Ada pengecualian untuk aturan ini; atmosfer bola memberi tahu Bernard bahwa ini adalah keadaan yang luar biasa. Ketika sebuah rumah terjebak dalam skandal, adalah permainan yang adil untuk secara terbuka menghina mereka. Bahkan jika komentarnya drastis, hal terburuk yang bisa terjadi adalah tamparan di pergelangan tangan. Ada aturan tak tertulis di mana bangsawan yang memalukan kehilangan hak istimewa mereka untuk dihormati. Dan begitu nama bangsawan tercoreng, mereka tidak berdaya. Mereka akan selamat dari skandal secara fisik, tetapi harga diri mereka yang mulia tidak. Dia merasakan warna memudar dari wajahnya, tahu dia tidak akan pernah berhasil di masyarakat kelas atas.
Bernard tidak dapat memungkiri bahwa dia dan rekan senegaranya diperlakukan sebagai mayat hidup masyarakat kelas atas. Para bangsawan lain memandang mereka secara berbeda. Duke Jamil telah mengatur semuanya. Tanpa disadari, mereka telah terperangkap dalam sangkar yang tenggelam.
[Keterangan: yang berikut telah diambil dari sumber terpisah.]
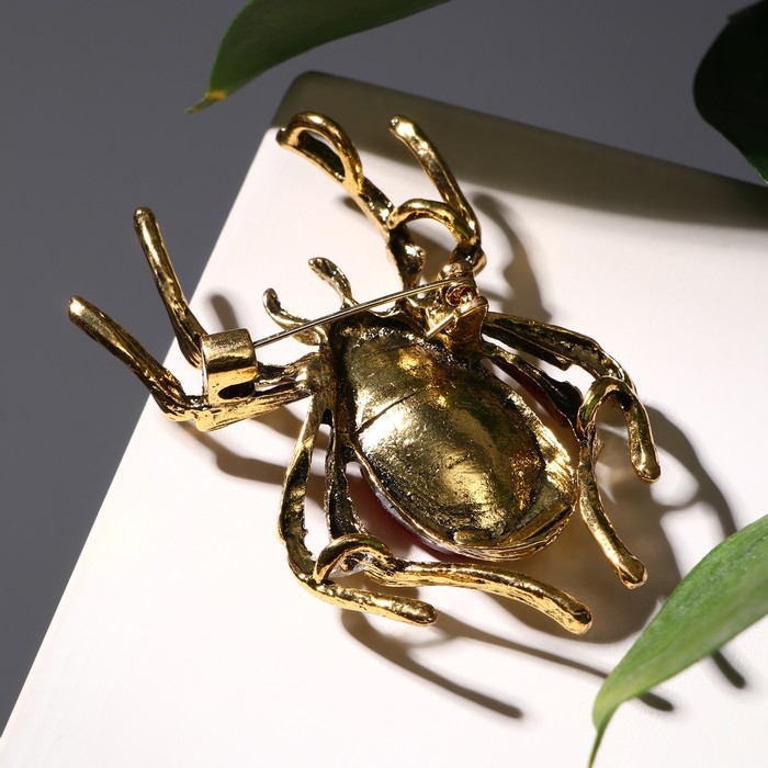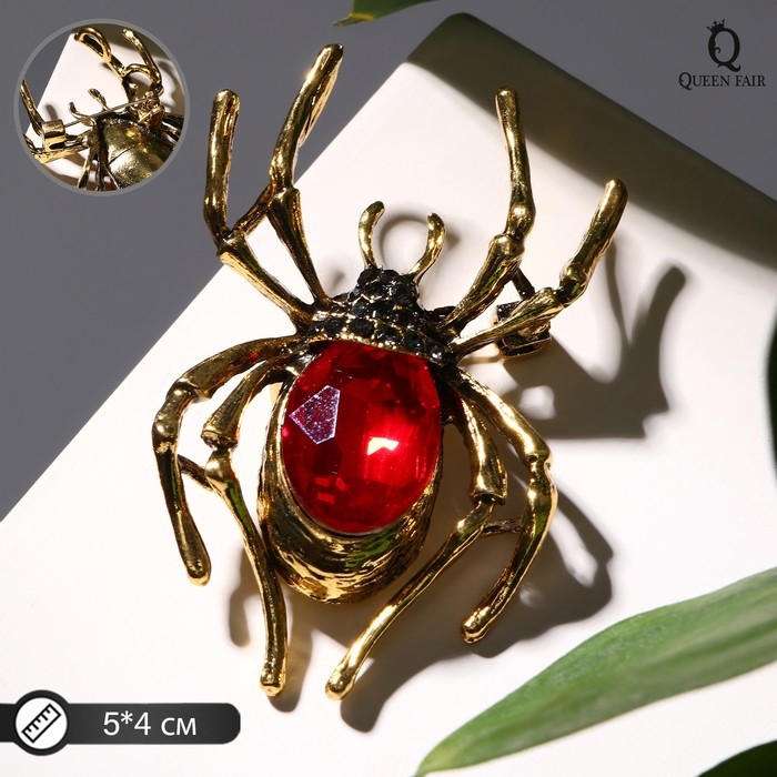 Брошь «Паук», цвет красно-серый в чернёном золоте

Tangan Bernard mulai gemetar ketika raja berbicara dan kegembiraan mengalir melalui bola. Count tidak mendengar raja berbicara, tetapi dengan cepat menangkap ketika kerumunan bergema: “Raja memberikan stempel persetujuannya untuk mutiara yang diberikan kepadanya oleh Duke Jamil.” Ini selanjutnya akan meningkatkan nilai mutiara apa pun yang ditangani oleh sang duke, dan dengan itu pengaruhnya di negara itu.
Count Bernard berdiri tanpa harapan. Dia siap untuk meninggalkan semua kepura-puraan dan melakukan semua yang diperlukan untuk melindungi sepotong reputasi yang bisa dia dapatkan. Satu-satunya taktik yang terlintas dalam pikiran adalah merendahkan diri di kaki setiap bangsawan dan memohon pengampunan mereka. Alasan menyedihkan melintas di benaknya. Akhirnya, Count dengan linglung melihat ke atas dari tanah, dan kebetulan bertemu dengan mata sang duke.
Reinhart tersenyum padanya. Tidak ada kata-kata yang tertukar, tetapi Bernard mengerti betul bahwa sang duke telah terlebih dahulu menganiaya dia karena dia sudah dikawinkan.
Sepanjang bola, Count Bernard dapat ditemukan berdiri diam dan tenang seperti patung. Dia tidak berbicara dengan siapa pun, dan tidak ada yang berbicara dengannya.
Belakangan, skandal penghitungan dan rekan senegaranya secara resmi terungkap, secara singkat menghibur masyarakat kelas atas dengan pembicaraan tentang pencabutan, tetapi hanya itu. Segera, tidak satu pun dari mereka yang pernah membicarakan topik pembicaraan di antara para bangsawan.